By: Savannah Scarborough, Follow South Jersey Intern
SOUTH JERSEY – Parents must be aware of the spread, risk, and symptoms of the Respiratory Syncytial Virus Infection (RSV) this season. With the viral season ahead, it is hard to know which illness is which; here is everything you need to know about RSV and how to protect your kid(s) this school year.
CDC data has shown an increase in RSV detections and RSV-associated emergency department visits and hospitalizations throughout the United States, with many regions nearing seasonal peak levels of the virus. Each year in the United States, an estimated 58,000-80,000 children younger than five are hospitalized due to RSV infection (CDC). Those hospitalized typically require oxygen, IV fluids, and mechanical ventilation and improve with this care and are discharged within a few days.
RSV is a common respiratory virus that typically causes mild, cold-like symptoms that most people recover from in a week or two. People of all ages can contract RSV. However, the virus is more common and extreme in young children and older adults.
These cold-like symptoms include a stuffy or runny nose, a cough, headache, and a low fever. Many children’s appetites also may be lower, and RSV can lead to fewer wet diapers for nursing babies.
Children are often exposed to and infected by RSV at school and other activities outside the home. Among younger children in the United States, RSV is the most common cause of bronchiolitis (inflammation of the small airways in the lungs), croup, ear infections, and pneumonia (infection in the lungs).
RSV transmission occurs when infected individuals cough or sneeze, individuals get virus droplets from a cough or sneeze in their eyes, nose, or mouth, when individuals touch a surface that has the virus on it and then touch their face before washing their hands, or when individuals have direct contact with an infected person.

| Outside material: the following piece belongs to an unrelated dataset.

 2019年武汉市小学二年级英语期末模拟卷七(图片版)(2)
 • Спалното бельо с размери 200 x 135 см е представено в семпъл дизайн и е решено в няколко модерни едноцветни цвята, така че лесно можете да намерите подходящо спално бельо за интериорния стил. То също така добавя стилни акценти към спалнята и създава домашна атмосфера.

Those at the highest risk for severe disease include premature infants, young children with congenital heart and chronic lung disease, young children with weakened immune systems, infants still nursing or bottle feeding, adults with compromised immune systems, and older adults with underlying heart or lung disease.
The warning signs for your child are difficulty breathing, runny nose, decreased appetite, irritability, decreased activity, apnea, and cough, which may progress into wheezing.

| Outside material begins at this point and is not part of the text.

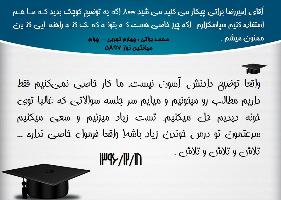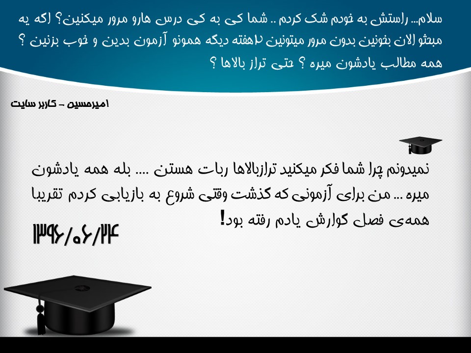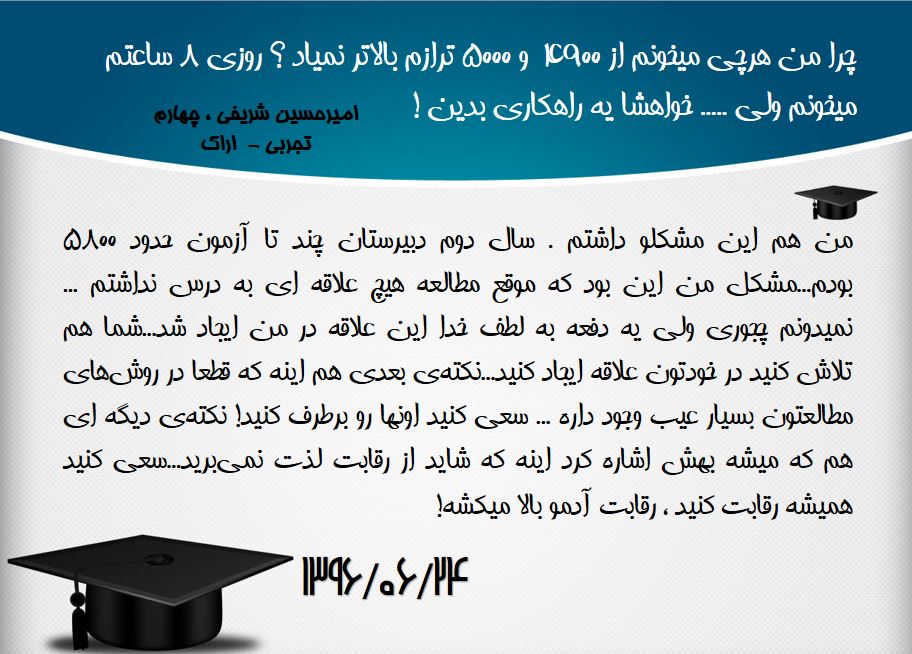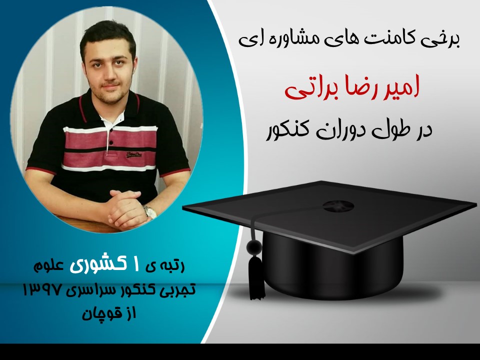 در این مطلب پاسخ های امیر رضا براتی (رتبه ی 1 کنکور تجربی 97) را که در طول یک سال اخیر به کامنت های مشاوره ای دانش آموزان در سایت کانون داده اند را برای شما آماده کرده ایم.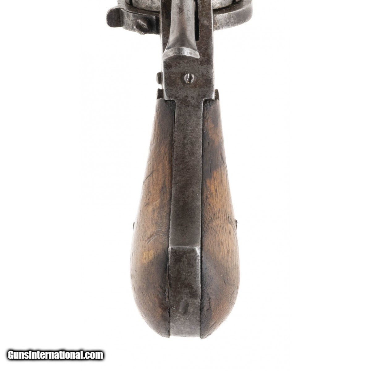Description: " NSN, circa 1860s, 8mm pin-fire, 3 3/8"" octagonal barrel. Metal is a grey patina with scattered surface oxidation visible. Bore has pitting visible throughout. Wooden two piece grips have initials carved in on both sides. Action functions correctly. Consignment. SOLD Antique: Yes |

If an individual becomes infected with RSV, they will be contagious for three to eight days. However, infants and those with weakened immune systems can continue to be contagious and spread the virus even after symptoms have stopped for up to four weeks.
For your child’s safety, it is important to wash your and your children’s hands often, keep hands off the face, avoid close contact with sick people, cover your cough and sneezes, disinfect infected surfaces, and stay home when you are sick.
There is currently no vaccine for RSV, but scientists are working to create one. However, individuals can receive other vaccinations for viral illnesses to protect themselves, including the flu and COVID-19 vaccines. Additionally, some medicines can help prevent some babies at high risk for severe RSV disease.
Getting your child tested for RSV is not always necessary, for a diagnosis can be made through symptoms and a physical exam. However, if you are concerned about your child’s well-being, or your own, you should reach out to your healthcare provider for further help.